COPYRIGHT

Senator Vows to Topple Anti-Piracy Bill with StopCensorship.org

Nov 29, 2011 10:01 am | PC World
Senator Ron Wyden threatens filibuster to stop the Stop Online Piracy Act.

by Sarah Jacobsson Purewal

Senator Ron Wyden, an Oregon Democrat, is calling on the public to help fight two Internet censorship bills, the Stop Online Piracy Act (SOPA), and the Protect IP Act (PIPA). Wyden is also threatening to filibuster the legislation if it comes up for a vote.

Wyden claims both bills will do damage to the economy and restrict free speech.

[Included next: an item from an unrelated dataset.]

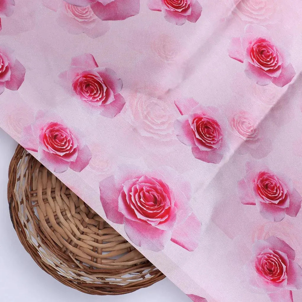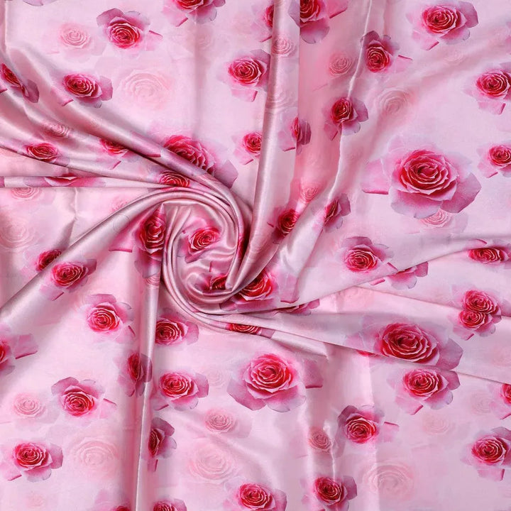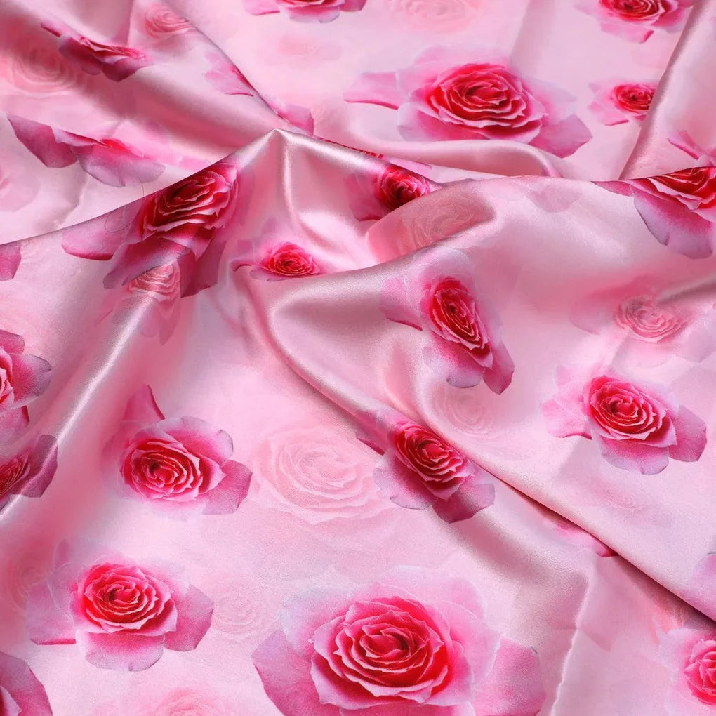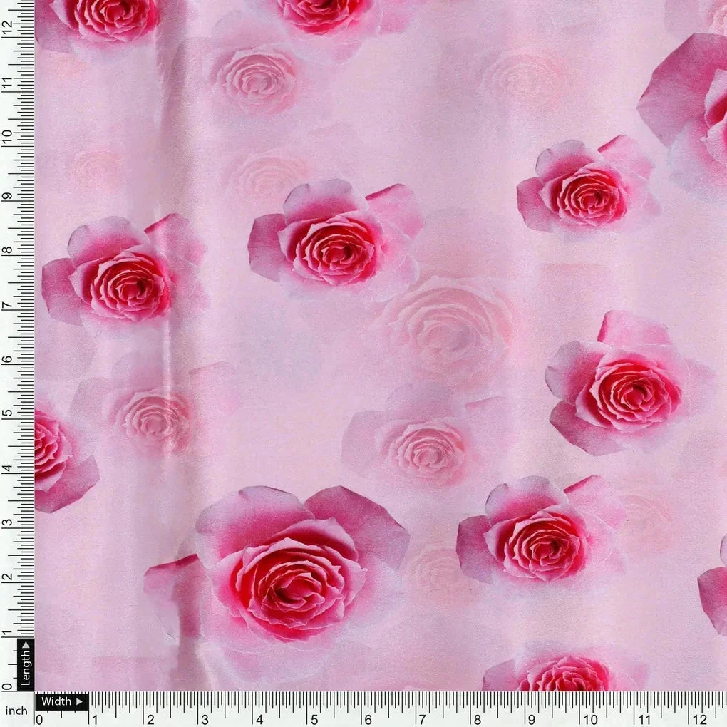 Pinkish Rose Allover Digital Printed Fabric - Japan Satin

The Protect IP Act is a piece of anti-piracy legislation that, if passed, will allow theU.S. Department of Justice to seek court orders that will require Internet service providers to shut down websites accused of copyright infringement.

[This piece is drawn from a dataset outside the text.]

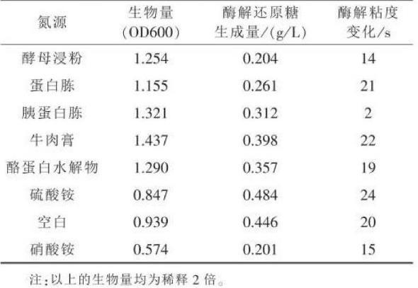 不同氮源对AGN12菌生长及产酶的影响见表2。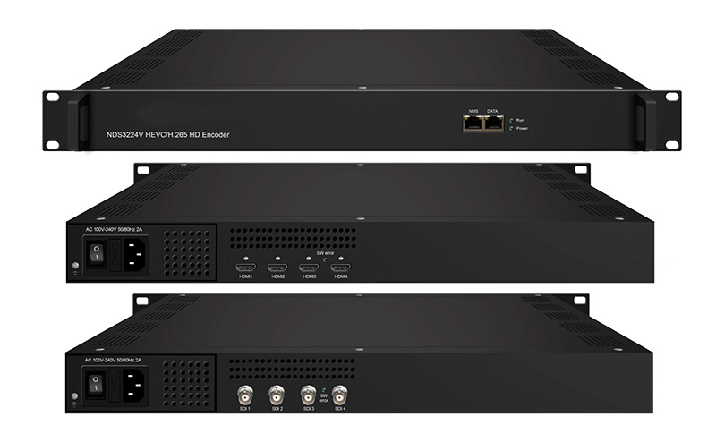 NDS3224V  HEVC/H.265高清编码器是专业高清音视频编码器,支持HEVC/H.265和MPEG-4 AVC/H.264视频编码和MPEG-1 Layer2格式音频编码。该设备支持4路/8路/HDMI/SDI输入,可对4路/8路/12路高清节目同时编码。可通过Web网管系统对设备进行操作。该设备高集成度、低成本的特点,非常适用于电视台、酒店、会所、医院、浴场等数字电视系统。

PIPA is the Senate version of the anti-piracy bill, and was introduced in May 2011, while SOPA is the "corrected" House version, and was introduced at the end of October. Among other things "corrected" in SOPA, there's a new provision that makes posting YouTube videos with copyrighted music--even if it's playing in the background--a felony.

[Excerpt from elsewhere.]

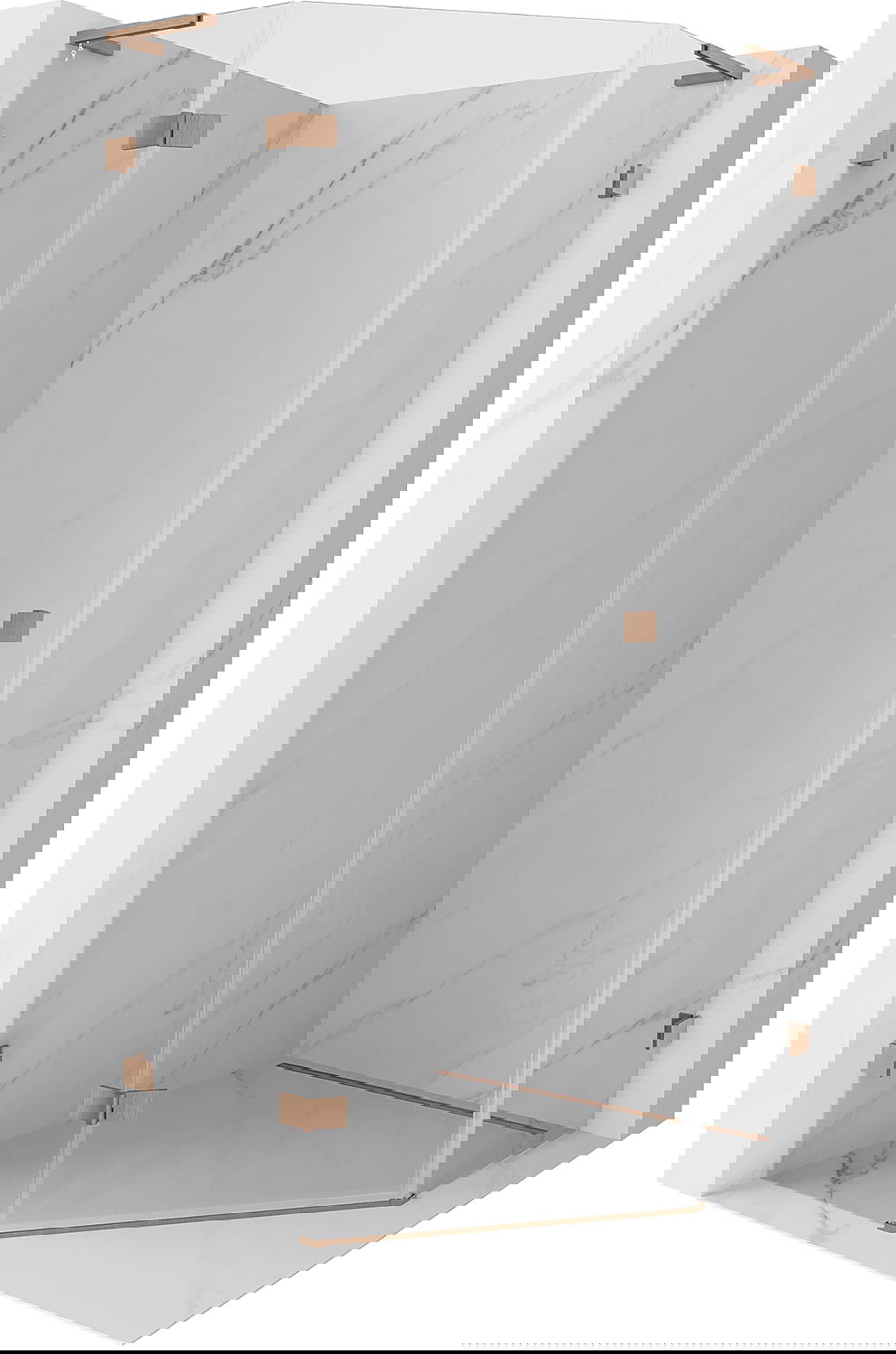 Mexen Lunar L cabina de ducha pentagonal abatible izquierda 90 x 90 cm, transparente, cobre cepillado - 831L-090L-090P-65-00-L

[RELATED: The US Stop Online Piracy Act: A Primer]

The Stop Online Piracy Act, if passed, would allow the U.S. Department of Justice (and other copyright holders) to seek court orders that will require online ad networks, payment processors (such as Visa and PayPal), and other organizations to block payments to websites and services accused of copyright infringement.

Wyden's team, working with activist group Demand Progress, has set up a website--StopCensorship.org--where people can fill out a form to urge lawmakers to oppose the censorship legislation. People who do not support SOPA and PIPA can also ask Wyden to read their names during the filibuster.

"Bills like PIPA and SOPA will do lasting damage to one of the fastest growing, job-creating sectors of our economy: the Internet," Wyden says in a YouTube video. "The at-all-costs approach that these bills take to protect the intellectual property sacrifices cyber-security while restricting free speech and innovation."